Join me in some Tiny Nonsense, won’t you?

VOCALS? If someone’s singing, then it’s PROG. If someone’s singing about chess or a yogi or the Battle of Thermopylae, then it’s DEFINITELY PROG. Vocals get in the way of virtuosity.

WHO’S IN CHARGE? If the guitar player is in charge of the band, then it’s PROG. If a keyboardist who used to play for Miles Davis is in charge, then it’s FUSION. If the drummer is in charge, then it’s INCONTROVERTIBLY FUSION.

DOES BRITANNIA RULE? PROG is from the ANZAC countries. FUSION is American.

BLACK GUY? If there’s a black guy in the band, then it’s FUSION. (That probably had more to do with the UK/US split than anything.)

DID THE KEYBOARDIST QUIT THE GROUP SO HE COULD SOLO OVER AN ICE CAPADE? That’s PROG, man. That’s some of the PROGGIEST shit I’ve ever heard of.

SPRECHEN SIE DEUTSCH? Ha-HA! Trick question! If the band speaks German, then clearly it’s KRAUTROCK. Fooled you, fucker!

CAPE STATUS If you’re in a FUSION band and you show up for the gig wearing a cape, you get fired. Let’s just make this simple: If you are allowed to get away with any Rick Wakeman-style bullshit, then you are in a PROG band.

GOOP ON YA GRINCH? If you goop on ya grinch, then you’re PROG. If you do NOT goop on ya grinch, then you’re FUSION.

Excuse me.

Mm?

What in the name of sweet sweaty fuck does “goop on ya grinch” mean?

I dunno. I dunno what it means, I dunno where it came from, and I don’t know whether it’s offensive or not. Someone said it on the innertubes and now it’s in my head.

Leave it there.

NEVER!

Better Than Roses On Your Piano

[embedyt] http://www.youtube.com/watch?v=afHQQhig9BY[/embedyt]

That’s the Hammond B3 organ, played by Jimmy Smith in honor of Al Green’s birthday. (Do not get Al Green hot grits for his birthday.) Before laptops full of sounds, and MIDI, or even analog synths, there was the instrument you are legally required to refer to as “the mighty B3” at least once while writing about it.

The Hammond organ originated because people couldn’t afford pipe organs. In defense of the pipe organs: they pretty much have to be pricey.
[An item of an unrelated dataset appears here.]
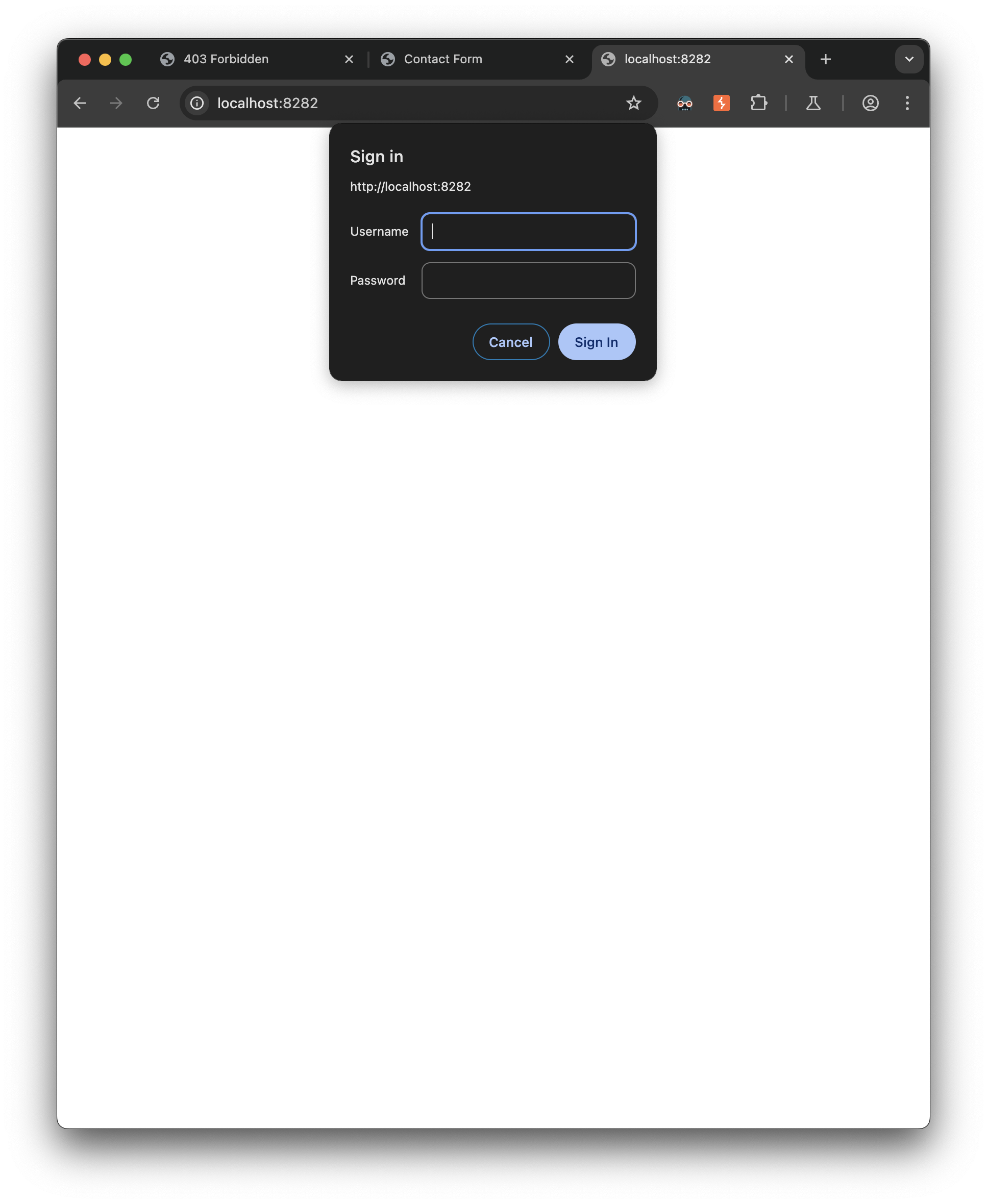 Going to localhost:8282 which I forwarded to the target’s 8080, I get a basic http auth prompt: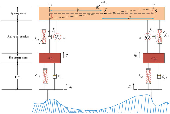 To represent the nonlinear coupling relationship between the front and rear suspensions, a widely used half-car active suspension model is established, as shown in Figure 1, with the symbols defined in Table 1. According to the second kind of Lagrange’s equations, the dynamic equations for the half-car active suspension are as follows [9,10,29,30]:

A pipe organ is both labor and material-intensive, and then requires constant maintenance and you also need to build the building around it. This is out of reach for most churches, especially smaller American churches, but a relatively thin and quiet piano wouldn’t do, either. Pianos are for thinking; for praying, you need an organ.

So, in 1935, a guy named Laurens Hammond invented this:

hammond b3 organ leslie

Okay, not that one. That’s the B3, which was introduced in ’54, but it has all the features of the original design: two 61-note keyboards, bass pedals, drawbars for the tone, and the iconic Leslie rotating speaker. Inside the guts of the thing are tonewheels: little metal spinners next to a pickup that generated a given frequency. Speaking of spinning, the Leslie is not called a rotating speaker euphemistically: that sucker has a motor in it.

This naturally made the instrument unspeakably heavy. Combined, the organ and speaker weighed three tons, more if the crew was stashing their drugs in it, but heft wasn’t a concern for Mr. Hammond in his design; these things were not intended to be moved. The guy came to fix it, rather than you bringing it in for repairs.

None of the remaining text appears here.